Мишка вытащил из кабины чистое ведро. Мейрам отцепил, снял с зажимов штыковую лопату и они пошли вверх по реке. Мы — вслед за ними. Я тоже, конечно, хотя ничего не понимал: как мы будем рыбу ловить, чем? Но если люди говорят, значит — знают.
Дойдя до первого переката, где глубина была по щиколотку, Мишка остановился. Постоял, примериваясь, потом ткнул пальцем в берег:
— Вот здесь копай, вот досюда, до ложбинки! А вы камни собирайте!
Мейрам начал копать в песке отводной канальчик от русла речки до маленькой ложбины за тальниками, а мы натаскали камней и сложили их в кучи на двух берегах, на той и на этой стороне, как и распорядился Мишка. Кажется, я уже понял, что он собирается делать и как ловить.
Мишка с Иваном вошли в воду и начали быстро складывать из камней запруду. Эрик притащил от машины две длинные доски, и как только запруда была готова, перегородил ими речку. Получилась настоящая глухая плотина: доски, подпертые каменной запрудой.
Вода чуть поднялась и, не найдя другого пути, пошла по отводному канальчику. А русло реки перед нами в какие-то секунды обнажилось, вода сошла, и в ямах запрыгали, забились оставшиеся там узкие серебристые рыбины.
— Давай! — скомандовал Мишка, и мы бросились ловить рыбу руками. Такого я еще никогда не видел!
Мишка стоял посередине, с ведром в руках, принимал добычу и, не удержавшись, присел и тоже начал одной рукой возить в ямке с водой, пытаясь ухватить затаившуюся там рыбину.
Вода быстро поднялась, размыла каменную запруду, раскидала доски и хлынула в русло, гоня перед собой песок и камни.
— Все! — сказал Мишка, поднимая ведро. — Полведра хватит?!
— Хва-хватит, — выдохнул я, дрожа от азарта. — А может, еще?
— Куда еще, — рассудительно сказал Эрик. — Полведра — это, считай, пять килограммов. А нас как раз пятеро.

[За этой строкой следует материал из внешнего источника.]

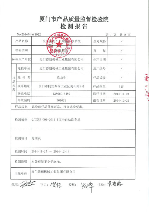 洗車機循環(huán)水系統(tǒng)檢測報告

— А завтра, если надо будет, еще поймаем! — успокоил меня Мейрам. — Видел ведь, как фирма работает!
— А что это за рыба такая? — Я заглянул в ведро и втянул ноздрями свежий рыбный запах. — Первый раз такую вижу.
Мейрам посмотрел на меня с удивлением.
— Обыкновенная рыба. Форель называется.
— Форель?! — ахнул я. — Да вы что, мужики! Я читал где-то: форель королевской рыбой считается!
— Королевской? — удивился Мишка. — Надо же! А мы ничего, привыкли…
Вечером мы ели уху из форели. Мишка оказался прав. Рыба как рыба, ничего в ней особенного. Окуневая уха лучше. Правда, и повара мы так себе. Главный у нас по этой части Мейрам. Он говорит, что жареная рыба вкуснее.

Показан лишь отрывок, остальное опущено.